“這個嘛……我的意思其實是滇省的發展道路,可以為自治州的發展道路提供一些借鑒,或者說具備極大的耦合性,道路建設好以后,完全可以形成一些旅游項目上的聯動,借勢而為。”
“就怕這個勢也不太好借啊。

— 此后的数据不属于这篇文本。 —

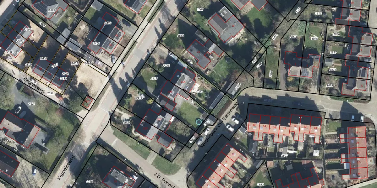 Gebruik de zoekbalk of klik op een perceel om informatie over het perceel te bekijken.
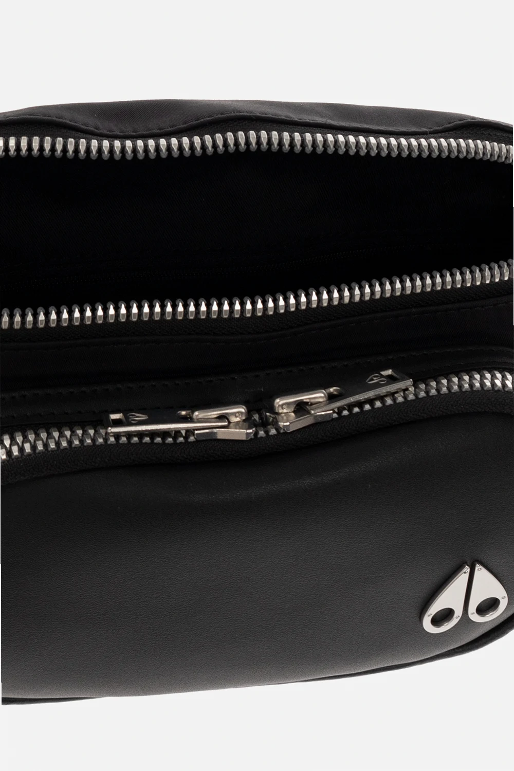 Black belt bag from Moose Knuckles. Crafted from fabric and leather, this design fastens with a two-way zipper and features a frontal pocket with a two-way zipper and monogram hardware, an adjustable strap with a jacquard logo motif, silver-tone metal elements and one internal compartment with a zip pocket.

”李玉堂不知不覺地把周至當做一個共同事業的同齡人聊了起來:“州里沒有這個財力,省里……也不見得會同意我們的想法。”
“也是,不先做出點成績來讓上面看見,也就很難幫助上面下決心。”周至對此表示認可。
“多跟周至學學。”李玉堂立馬就對吳仁中說道:“周至比你更像體制里的人,仁中你平時也要多悟悟這些方面。”
吳仁中好無辜,你們談得開心就開心,沒事兒踩我干啥?
“其實我還有一個想法。”周至說道:“咱們自治州,還有一項獨立優勢。”
“什么優勢?”
“機場,航空線路。”周至說道:“渡口市目前還沒有機場,而自治州有,那么自治州其實完全可以成為蜀中的西南空港,同時為兩個城市服務。如果把這個概念提出來,那么一條連接渡口與自治州的高水準道路,是不是就勢在必行了?”

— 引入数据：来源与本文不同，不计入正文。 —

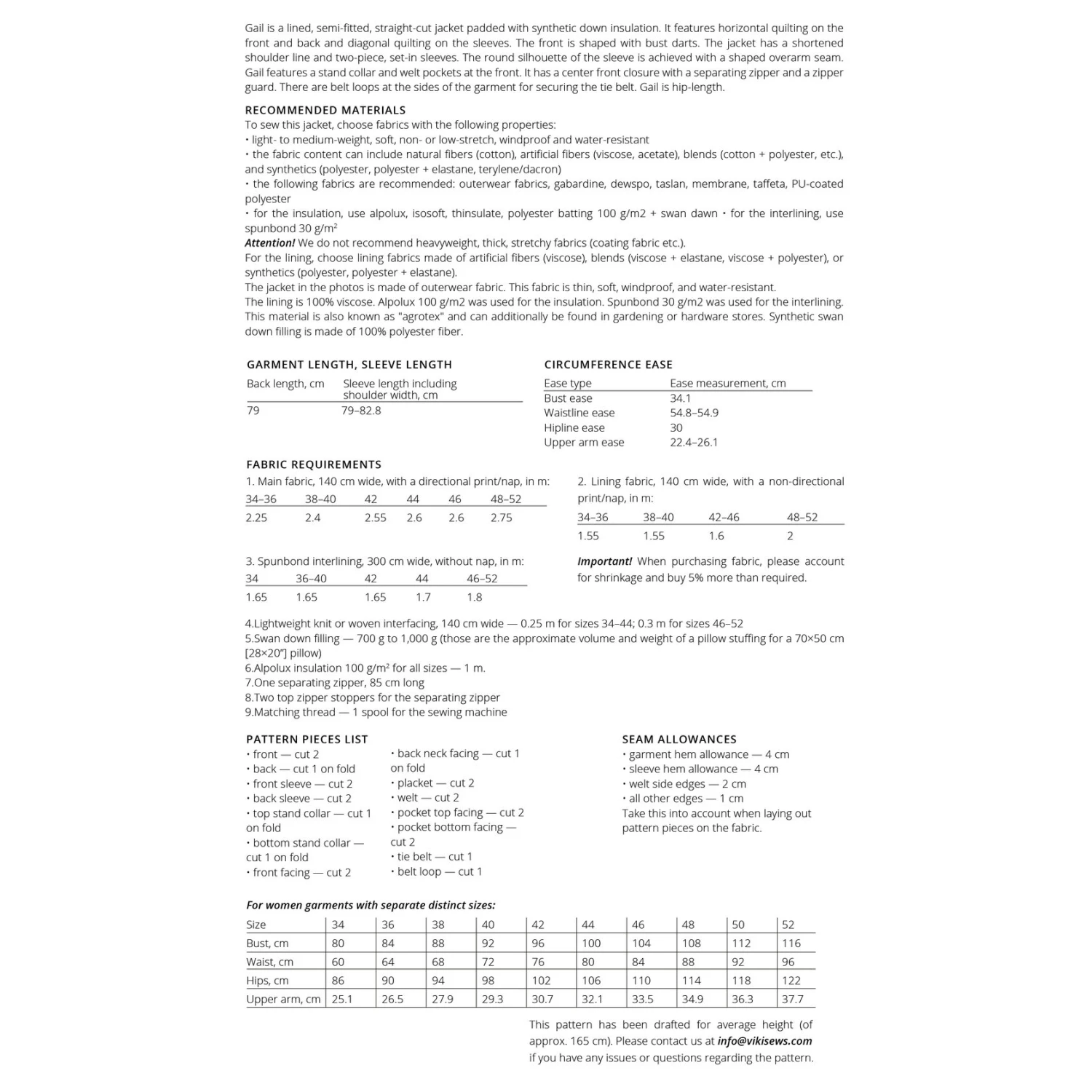 Gail is a semi-fitted, straight-cut jacket lined with synthetic down insulation. It showcases horizontal quilting on the front and back and diagonal quilting on the sleeves. The front boasts bust darts for shaping, and the jacket features a shortened shoulder line and two-piece, set-in sleeves. Achieving a rounded sleeve silhouette is accomplished with a shaped overarm seam.

“對呀,渡口到昆都的距離三百公里,到邛州的距離一百五十公里,但是渡口雖然屬于蜀省,然而那里的人要坐飛機,卻都寧愿跨省去昆都坐。這種現象較明顯不正常。”周至說道。
“可是僅僅以航空客流為理由,是不是過于牽強了一點?”李玉堂覺得今天好神奇,怎么就和一個初次見面的大學生聊到這兒來了,然而還感覺很合理,這個大學生已經開始讓他有點驚喜了。
現在到處都在強調干部的年輕化,知識化,李玉堂自己也是這個國家政策的受益者之一,因此倒也喜歡進行這樣的“頭腦風暴”,并不特別計較周至本身的身份。

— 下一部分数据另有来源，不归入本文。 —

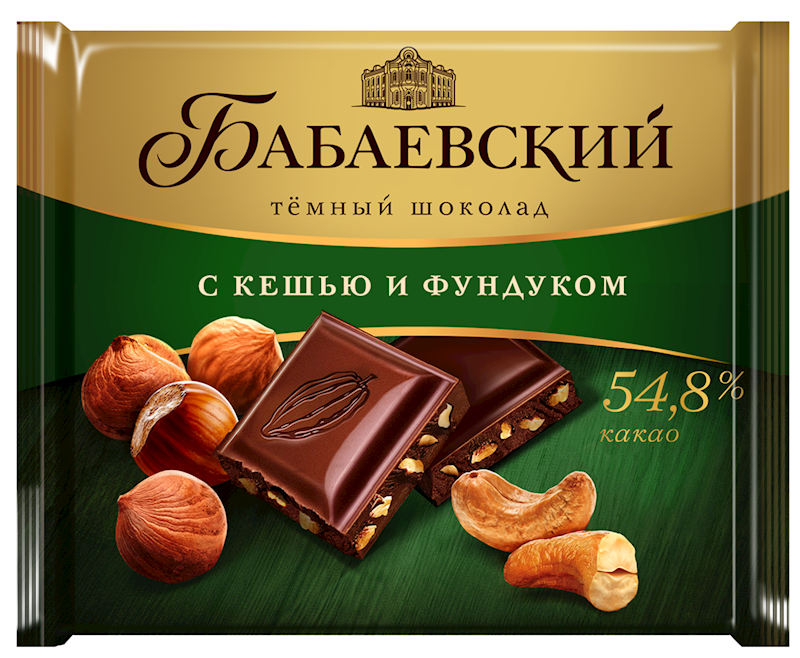 Savor the decadence of our Chocolate Babaevskiy, a 70g delight meticulously created by Babayev Confectionery Concern. This exquisite chocolate bar combines the velvety smoothness of rich cocoa with the crunch of premium cashews and the subtle nutty undertones of hazelnuts. It's a symphony of flavors that will transport your taste buds to a realm of pure bliss.

“其實在我看來,航空除了滿足迅速的客流需求以外,對于需要迅速運輸的貨流也是有極大好處的。”周至說道:“比如現在的蜀都空港周邊,海鮮生鮮市場和粵式酒樓就非常的火爆,都是經營從海邊空運過來的海產,如龍蝦,海參,扇貝,海魚這些。”
“你這就把玩笑開大了。”李玉堂說道:“就自治州這消費水平,不能指望再把蜀都空港的海鮮拉到自治州來開海鮮大酒樓吧?”
“我當然不是這個意思。”周至都給李玉堂這想法逗樂了:“我的意思,是可以把涼山州和渡口市的生鮮,通過航運往蜀都拉啊!”
“自治州有這樣的生鮮?”李玉堂硬是給周至整楞了:“按照我不成熟的理解來看啊,必須是單體價格高昂,經濟附加值高,對保存時限比較短的這類商品,才能通過航空貨運的路子掙錢吧?”
“我們的邛海里那些水產,外地都有,唯一有點價值的就是銀魚了,可是邛海的銀魚,那也是從太湖引進來的品種呀。”